_Your objective_
For this task, copy all of the data below exactly and skip the pictures.

_Raw data_

((

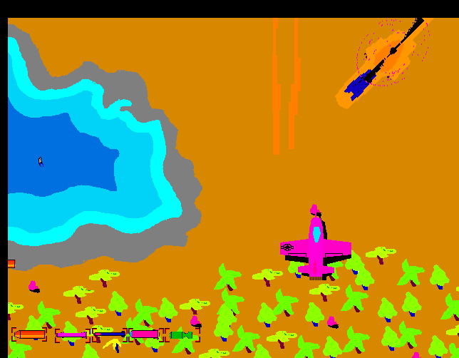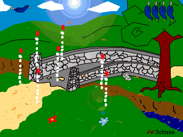 Here comes Operation Werewolf – oder der harmlose Handschuh. Well, at least I was admitting I couldn’t draw worth a damn, considering that sock puppet in the logo was supposed to be a wolf.  I was actually surprised how far I got in this game. After the obligatory main menu (complete with the US national anthem in the background, hummed by myself) there’s a weapons shop that actually works. You can even view your aircraft, the “Stealth Attackbomber XSA1 – Prototype.” Yea, whatever. The next screen gives you a short briefing on the mission by a “Commander Fox,” commanding you to show the terrorists “what a pepperoni is.” WTF! Clicking on the silly “Get ’em” button lets you actually take off in your pink jet plane and fight a helicopter! Well, not really, since everything is really buggy and the helicopter just disappears after like one second. But still, you can fly around for about two screens. And, hey, there’s an animated shark in the water!
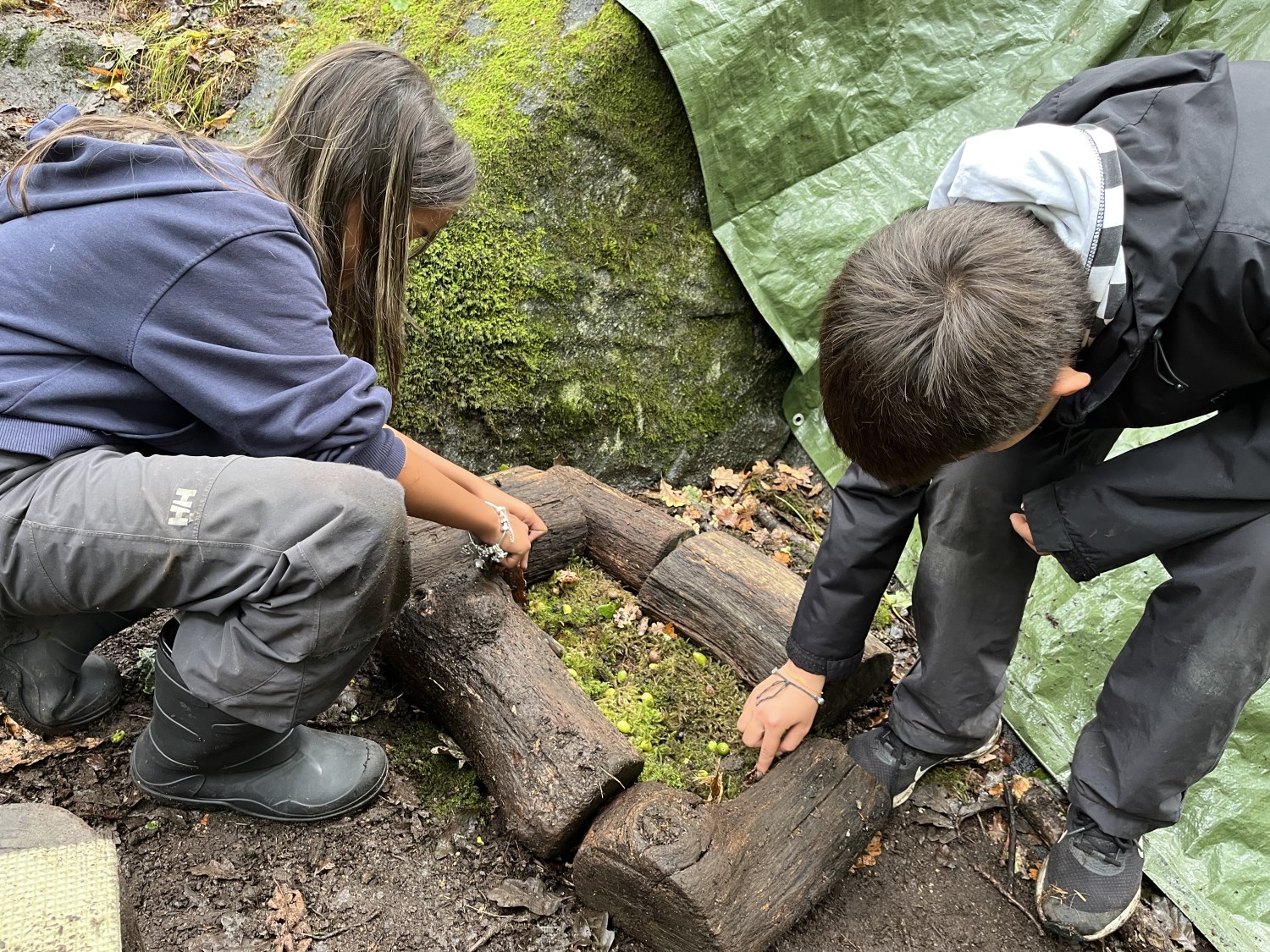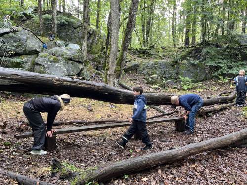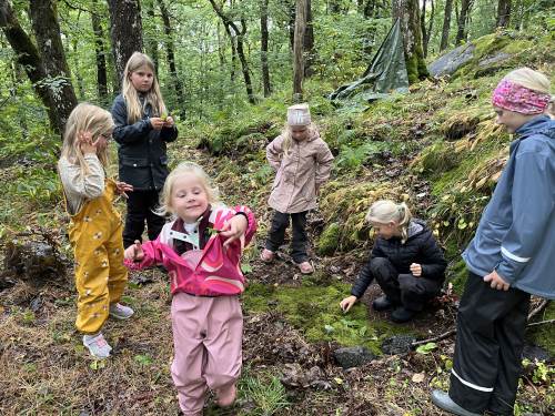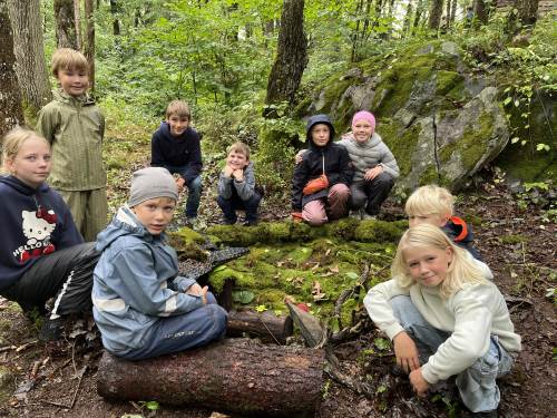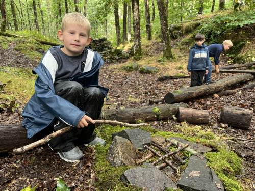 Det var første gang barna på 1. trinn var på sin faste uteskoleplass i skogen over veien. Det er noen år siden 5. trinn var her, så de fikk mange gode minner fra de var "små":) Faddergruppene fikk i oppgave å lage bondegård. De var gode til å samarbeide, og det var rene idyllen i en fantastisk fin skog.
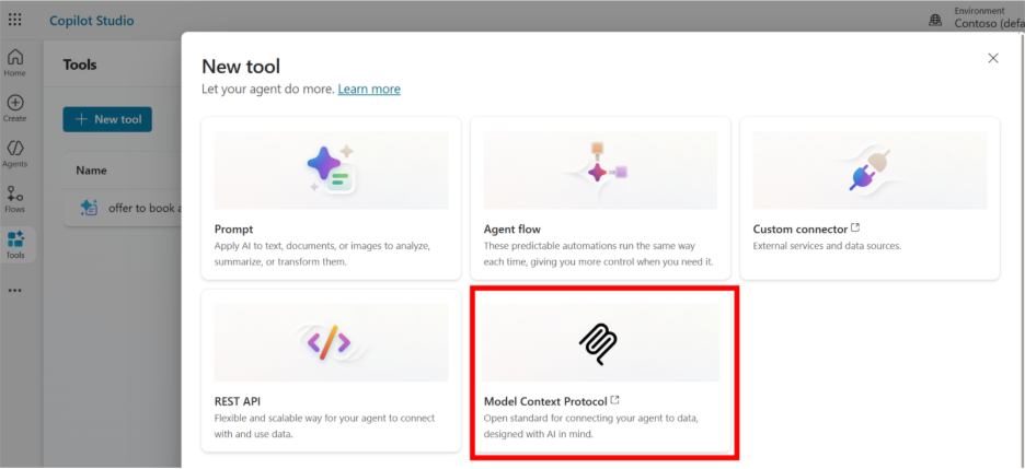 最近,模型上下文协议(MCP)连接器也作为新工具直接在 Copilot Studio 中可用。
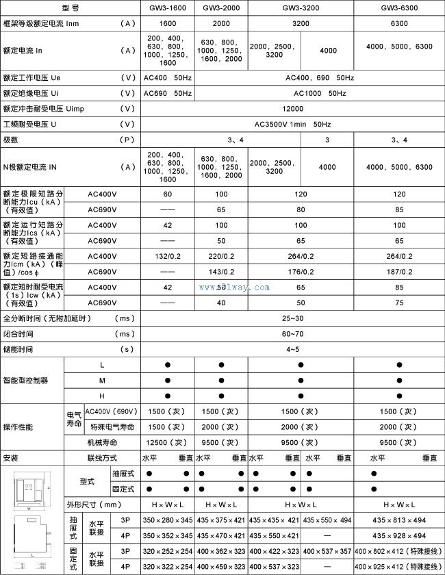 GW3系列萬能式斷路器技術參數

))

_Answer space_
 Here comes Operation Werewolf – oder der harmlose Handschuh. Well, at least I was admitting I couldn’t draw worth a damn, considering that sock puppet in the logo was supposed to be a wolf.  I was actually surprised how far I got in this game. After the obligatory main menu (complete with the US national anthem in the background, hummed by myself) there’s a weapons shop that actually works. You can even view your aircraft, the “Stealth Attackbomber XSA1 – Prototype.” Yea, whatever. The next screen gives you a short briefing on the mission by a “Commander Fox,” commanding you to show the terrorists “what a pepperoni is.” WTF! Clicking on the silly “Get ’em” button lets you actually take off in your pink jet plane and fight a helicopter! Well, not really, since everything is really buggy and the helicopter just disappears after like one second. But still, you can fly around for about two screens. And, hey, there’s an animated shark in the water!
 Det var første gang barna på 1. trinn var på sin faste uteskoleplass i skogen over veien. Det er noen år siden 5. trinn var her, så de fikk mange gode minner fra de var "små":) Faddergruppene fikk i oppgave å lage bondegård. De var gode til å samarbeide, og det var rene idyllen i en fantastisk fin skog.
 最近,模型上下文协议(MCP)连接器也作为新工具直接在 Copilot Studio 中可用。
 GW3系列萬能式斷路器技術參數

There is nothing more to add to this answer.